The Agents received a commission equal to up to 8% of the aggregate gross proceeds raised under the Financing, a work fee in the amount of $35,000 plus HST and reimbursement of their expenses incurred. In addition, the Agents received Pond Share purchase warrants (“Pond Broker Warrants“) equal to up to 8% of the aggregate number of Subscription Receipts sold pursuant to the Financing. Each such warrant entitles the holder thereof to purchase, in accordance with its terms, one Common Share and one Warrant at a price of $2.40 at any time prior to the date that is 24 months from the date of grant.

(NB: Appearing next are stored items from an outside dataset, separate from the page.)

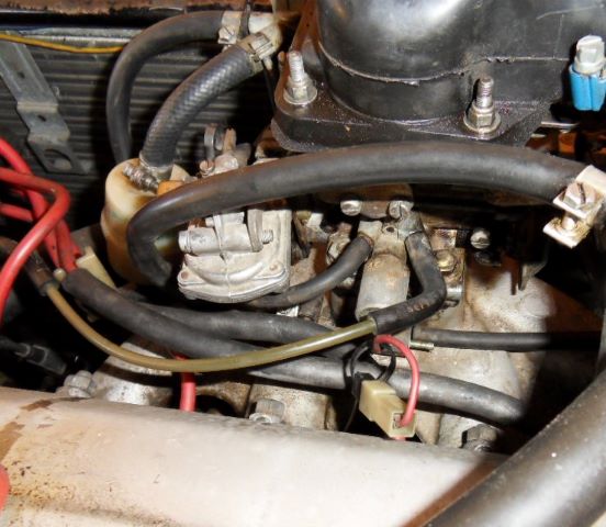 Punajohtoinen pötkylä näyttää samalta kuin bexin weberien sammutussolenoidi eli jälkikäynninestin. Jotain sellaista riesaa siitä oli että kuluneen solenoidin jumittaessa tyhjäkäynti oli huono tai puuttui kokonaan, mutta kaasua polkemalla moottori kävi. Katkaisin siitä karan kokonaan pois ja sitten kävi hyvin, eikä edes jälkikäyntiä ollut. Liekö kuumiin oloihin vai mihin mutta omassa tapauksessani siitä oli vain haittaa. Johtoon tulee sähköt kun virta on päällä.
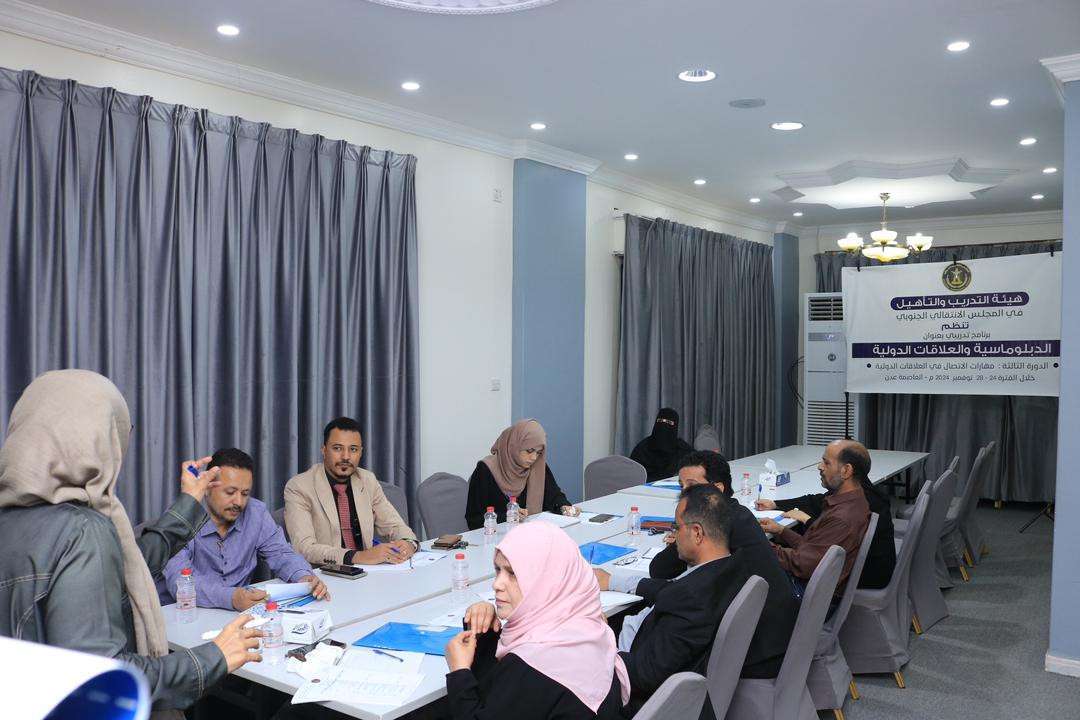 نظّمت هيئة التدريب والتأهيل بالمجلس الانتقالي الجنوبي، يوم الأحد، في العاصمة عدن، الدورة التدريبية الثالثة بعنوان "مهارة الاتصال في العلاقات الدولية"، وذلك ضمن برنامج الدبلوماسية والعلاقات الدولية.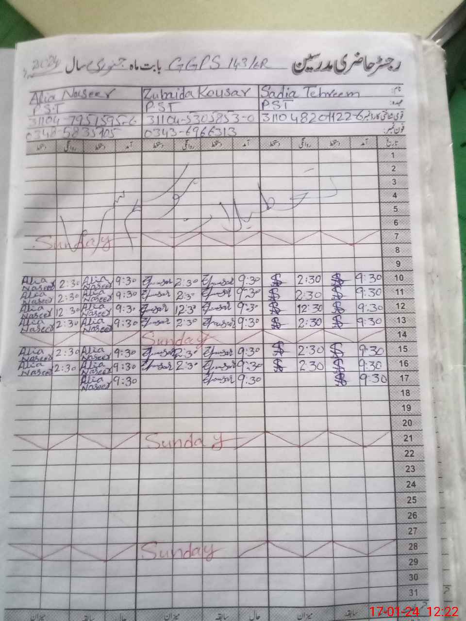 | Name: SA**** TA**** Designation: (School Headmaster's/Headmistress's) PST Phone/Cell Number: 03**** |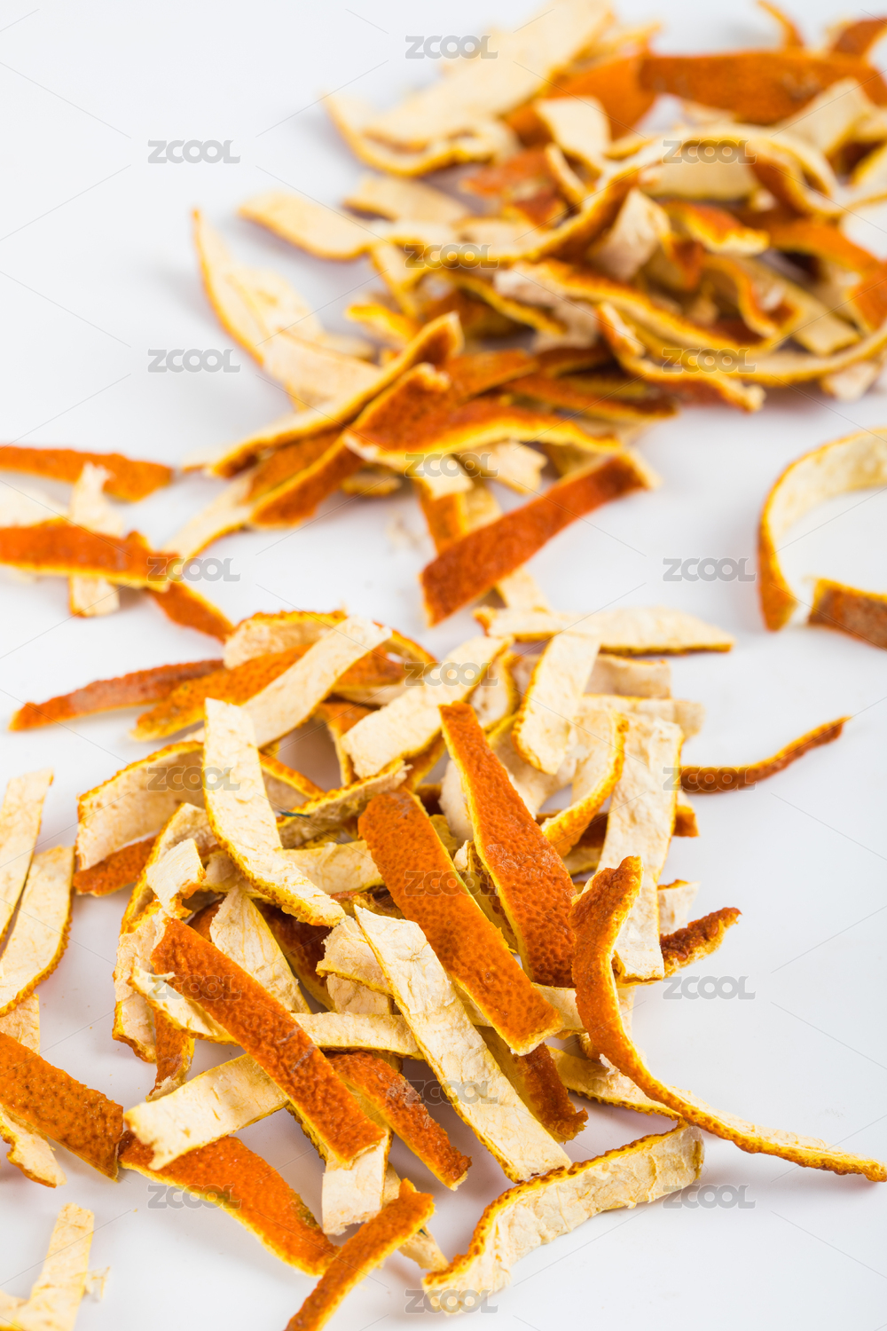 放着白背景上的陈皮段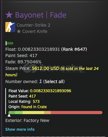 Float: 0.00823303218931 (Rank #647)Paint Seed: 417Fade: 89.75046%istediğiniz soru bilgi ne varsa verebilirim, reverse yok.inspect link paylaşabilirim.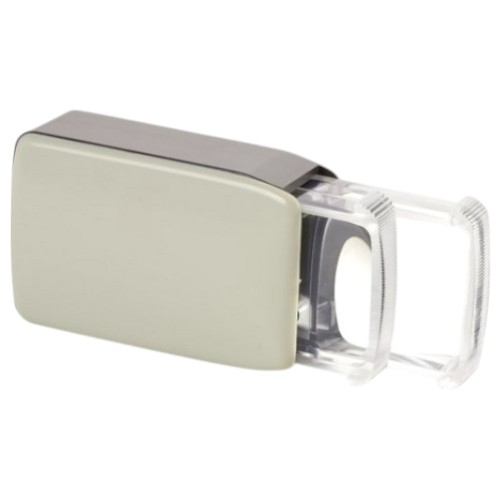 This special magnifying glass has special configurations. It is mounted in a small box, and both magnifiers can be slid in and out.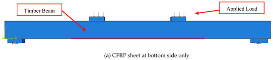The timber beams that Nadir et al. [9] experimentally tested and strengthened using CFRP sheets, which have a higher tensile strength than the GFRP sheets, were the basis for the parametric analysis. Table 7 presents the numerical program for the analyzed specimens, indicating the length, location, and thickness of the strengthening CFRP sheets, while Figure 14 shows the strengthening configurations.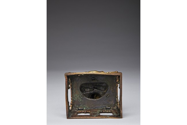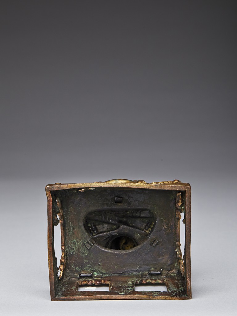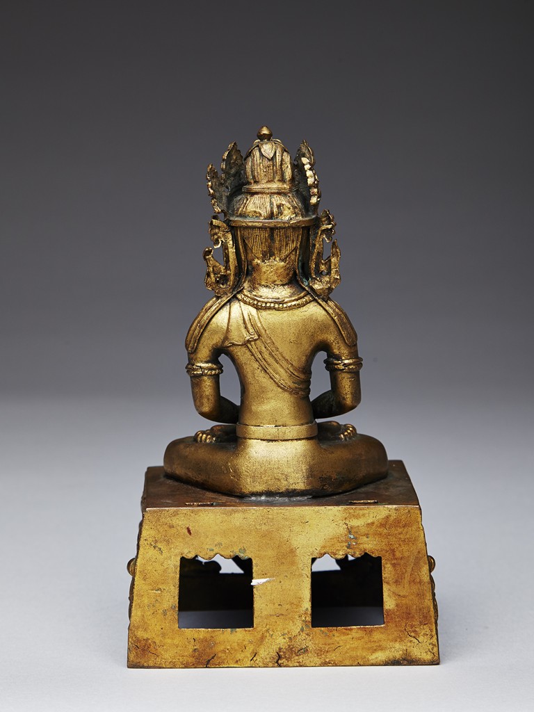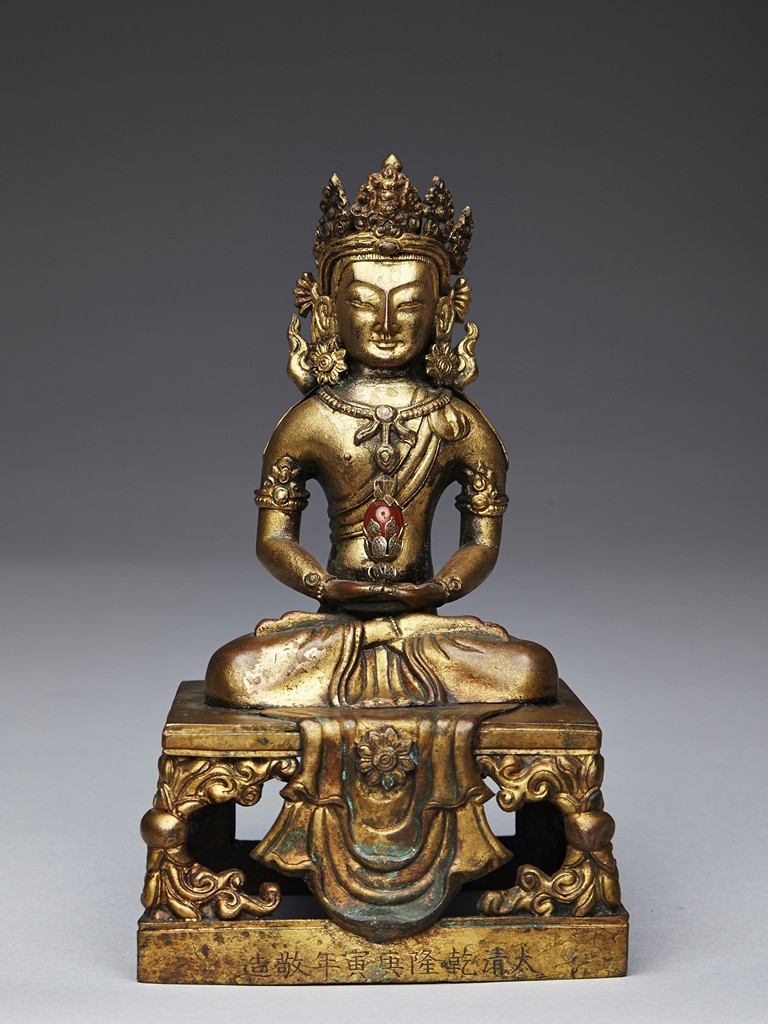 Shown seated in dhyanasana with the hands in dhyanamudra, wearing a dhoti tied over the left shoulder and adorned with beaded jewellery, the head crowned by pointed tiara, all supported on a tapering rectangular throne above the Qianlong reign mark. Qing Dynasty period.

After giving effect to the Consolidation, the Transaction, the Financing and the $2,400,000 non-brokered interim private placement of units of Pond, there are an aggregate of 19,414,430 Common Shares issued and outstanding on an undiluted basis (26,292,005 fully diluted). Of such amount, the shareholders of the Corporation existing prior to the Transaction own 4,041,313 Common Shares, which represents ownership of approximately 20.8% of the Corporation (15.4% on a fully diluted basis) and the former Pond shareholders own 15,373,117 Common Shares, which represents ownership of approximately 79.2% of the Corporation (58.4% on a fully diluted basis). In addition, there are 5,792,575 Warrants (including the Pond Broker Warrants and Warrants underlying the Pond Broker Warrants) issued and outstanding, with exercise prices ranging from $2.50 to $3.00 and expiry dates ranging from December 1, 2018 to January 30, 2020, and 1,085,000 Options issued and outstanding, with an exercise price of $2.00 per share and expiry dates ranging from July 3, 2021 to May 25, 2022.
Additional information regarding the Transaction, the Financing and the Corporation may be found on the SEDAR website at www.sedar.com.
About the Corporation
Located in Markham, Ontario, the Corporation has developed a proprietary growth platform to transform carbon dioxide into valuable bio-products. The Corporation works with the cement, steel, oil and gas and power generation industries to reduce greenhouse gas emissions and create new revenue streams. The Corporation’s platform technology also includes the growth of algae superfoods for the nutraceutical and food additive markets. Pond’s productive system can grow many species of algae, including strains that produce anti-oxidants, omega-3 fatty acids, and protein for human and animal consumption. The Corporation has granted and pending patents in the USA, Europe, China and Taiwan and patents pending in other jurisdictions including Canada.
Neither the TSXV nor its Regulation Services Provider (as that term is defined in the policies of the TSXV) accepts responsibility for the adequacy or accuracy of this release. No stock exchange, securities commission or other regulatory authority has approved or disapproved of the information contained herein.
SOURCE Pond Technologies Holdings Inc.